A short piece in Sunday's NY Times mentioned my debate late last year with Robert Levy of the Cato Institute, who is one of the lawyers representing the plaintiff in Heller v. D.C. , the Second Amendment case pending before the Supreme Court. The article mentions my rejoinder to the argument by Mr. Levy that the operative clause of a constitutional provision should be given its full natural meaning, even if the conditions in the prefatory clause do not hold. As I noted on this blog at the time (here), Levy provided an example in which "the right to keep and read books" is justified by a prefatory clause that states that declares "A well-educated electorate, being necessary to the self-governance of a free state . . . ." Levy thought it self-evident that the "keep and read books" clause would apply to all books, not merely those connected to educating the electorate, but I said this was hardly obvious; pornographic books, for example, might not be covered. Certainly, if one were to take an originalist persepctive, one would want to know how far the framers and ratifiers (or, on a slightly different view of originalism, a competent speaker of the English language familiar with the relevant terms of art), would have thought the "keep and read books" provision went.
Having just finished doing some work on an amicus brief in support of the District in the case, I must say how convinced I now am that---judged by traditional criteria---the best reading of the original understanding of the Secondd Amendment is that it protects a right of the States. Our brief (on which I came in near the end, joining a pro bono team including lawyers from Dewey & LeBoeuf, where I moonlight), emphasizes a number of points, but here I'll just highlight one: The ratification debates over the original Constitution---out of which came proposals for what became the Second Amendment and the Bill of Rights more broadly---focused just about exclusively on the question of whether the federal power to arm the state militias included a power to disarm the militias. The Second Amendment was overwhelmingly seen as a mechanism for ensuring state authority over arming, and regulating, the state militias, without undue federal interference.

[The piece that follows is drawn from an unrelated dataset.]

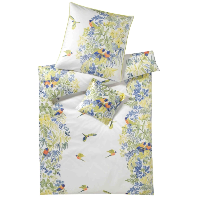 Mit der edlen Bettwäsche Paradiesvogel von Elegante machen Sie alles richtig. Das traumhaft schöne Design, das seinem Namen alle Ehre macht, ist ein echter Eyecatcher. Die Kombination aus stilechten Paradiesblumen und zierlichen Vögelchen begeistert sofort. Auch der hochwertige Material-Mix aus seidig-zartem Mako-Satin, der komplett aus feinster Baumwolle besteht, steht dem Motto der Serie ‘Paradise’ in nichts nach. Lassen Sie sich in die kuschelig-weiche Bettwäsche fallen und schlafen Sie paradiesisch gut. Damit starten Sie den nächsten Morgen wunderbar erholt und mit einem Lächeln auf den Lippen. Überzeugen Sie sich selbst von der herrlichen Qualität und dem wunderschönen Design der Bettwäsche-Garnitur Paradiesvogel von Elegante. Sie werden Sie nicht mehr missen wollen.

To be sure, constitutional interpretation is not only about original understanding, but this is the ground on which proponents of the individual right view have chosen to make their case, and it now strikes me as a weak one. The Founding generation may have believed in a right to armed self-defense, but as a natural right that was not the focus of what became the Second Amendment. The best argument for an individual right of armed self-defense would thus be rooted in the Ninth Amendment (although I still think it should probably fail), but for reasons probably having more to do with ideology than tactics, most of the supporters of the individual right view appear to be allergic to that kind of argument. (Randy Barnett is an exception, as are many of the folks at Cato.)